- _Work to be completed_
Return every line of the data below exactly, but do not include the images.

- _Source material_
++++++

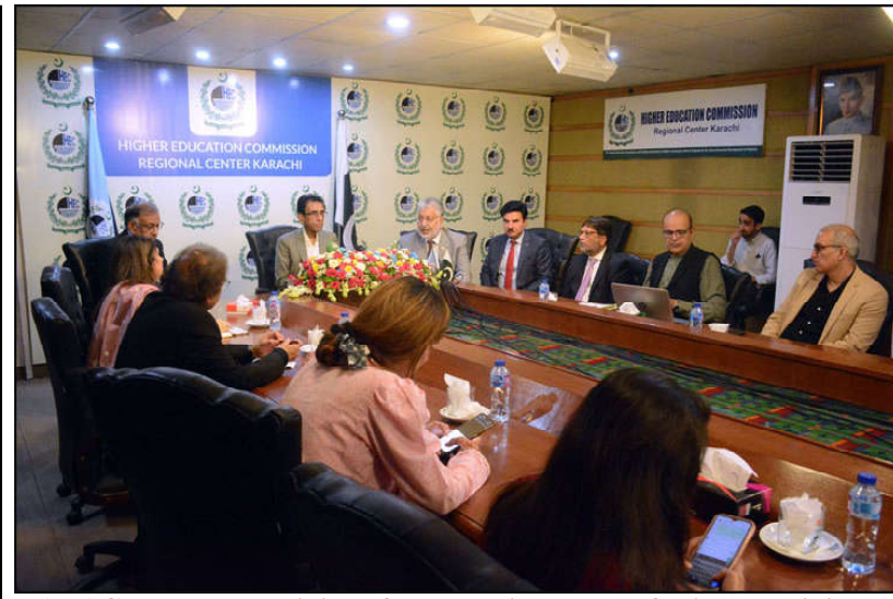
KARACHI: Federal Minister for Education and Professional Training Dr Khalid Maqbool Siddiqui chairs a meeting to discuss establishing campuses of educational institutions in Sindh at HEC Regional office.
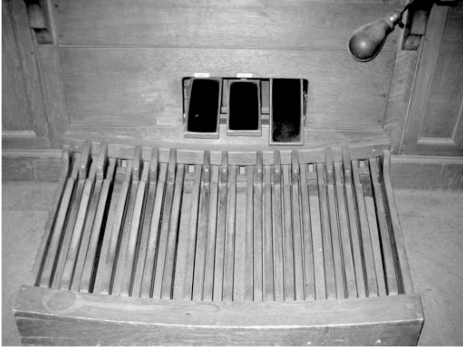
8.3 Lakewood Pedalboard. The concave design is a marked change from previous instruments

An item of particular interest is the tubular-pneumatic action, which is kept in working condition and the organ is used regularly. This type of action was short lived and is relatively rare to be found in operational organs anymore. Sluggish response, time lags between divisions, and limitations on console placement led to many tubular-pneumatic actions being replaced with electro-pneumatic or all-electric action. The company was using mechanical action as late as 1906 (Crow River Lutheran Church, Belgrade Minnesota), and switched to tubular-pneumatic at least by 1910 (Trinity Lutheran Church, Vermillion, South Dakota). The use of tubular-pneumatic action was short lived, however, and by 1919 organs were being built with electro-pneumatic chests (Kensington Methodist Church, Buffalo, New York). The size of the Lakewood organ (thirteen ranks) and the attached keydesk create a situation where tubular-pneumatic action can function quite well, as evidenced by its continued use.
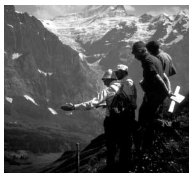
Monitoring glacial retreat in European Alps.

++++++

- _Response to the exercise_
KARACHI: Federal Minister for Education and Professional Training Dr Khalid Maqbool Siddiqui chairs a meeting to discuss establishing campuses of educational institutions in Sindh at HEC Regional office.
8.3 Lakewood Pedalboard. The concave design is a marked change from previous instruments

An item of particular interest is the tubular-pneumatic action, which is kept in working condition and the organ is used regularly. This type of action was short lived and is relatively rare to be found in operational organs anymore. Sluggish response, time lags between divisions, and limitations on console placement led to many tubular-pneumatic actions being replaced with electro-pneumatic or all-electric action. The company was using mechanical action as late as 1906 (Crow River Lutheran Church, Belgrade Minnesota), and switched to tubular-pneumatic at least by 1910 (Trinity Lutheran Church, Vermillion, South Dakota). The use of tubular-pneumatic action was short lived, however, and by 1919 organs were being built with electro-pneumatic chests (Kensington Methodist Church, Buffalo, New York). The size of the Lakewood organ (thirteen ranks) and the attached keydesk create a situation where tubular-pneumatic action can function quite well, as evidenced by its continued use.
Monitoring glacial retreat in European Alps.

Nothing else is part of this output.